No entanto, não tenho nada contra a publicação de imagens nos blogues. Faço-o com frequência no Moleskine, para benefício da qualidade gráfica e também por gozo, brilharete intelectual de referência cultural - confesso - a ver se os leitores percebem a alusão, se até usam a imagem para “googlarem” em busca de mais informação. Num blogue gastronómico, pode cumprir apenas essa função de referência, como a minha recordação da Pedra do Feitiço. Também a transmissão do gosto de ver o nosso trabalho registado na fotografia de um bonito empratamento, até em relações muito privadas, como faz o tal meu alter ego quando me manda a sua última invenção.
Também se justifica no caso de pratos pouco conhecidos ou quando o aspeto não corresponde a versões menos genuinas. Aconteceu-me com a muamba. Infelizmente, a minha foto ficou má e mais valeu não a publicar. Provavelmente ficaram melhores as da minha morena, mas hoje ausente no estrangeiro. Quando voltar, publico a sua foto.
Muito diferente é a longa coleção de fotos num mesmo “post” de receita banal. Cá vai a carne cortada aos cubos. E mais foto da cebola picada. E como fica a cebola misturada com o tomate picado. E do refogado a ferver. E eu a bater a massa, e a recheá-la. No fim ficou assim, mas desculpem a câmara do telemóvel ser fraquuinha, ficou tudo roxo. Há quem publique mesmo assim, mas eu ainda tenho um dedinho de cabeça, não sou astrólogo nem hipnotizador.

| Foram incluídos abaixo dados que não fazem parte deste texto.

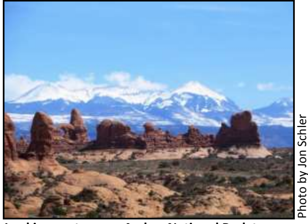
Looking east across Arches National Park to the La Sal Mountain Range from Hwy 191

Vai longo o relambório. Vai certamente longo demais para quem comenta que eu sou um escritor chato que ninguém consegue ler ao fim de dois parágrafos. Pois, coisas, vieirices (aqui vai outra provocação às tias), culpa de avô mestre da língua! E tudo para chegar ao que podia ter dado um simples parágrafo para quem só sabe “compreender” um “sound bite”. Escreveu algures uma tia que o facto de eu não publicar fotos era sinal de não me querer sujeitar à prova de que tinha feito bem a receita e que o texto não era uma invenção. Ó minha senhora, e eu a julgar que uma receita (o tal texto) era mesmo sempre uma invenção!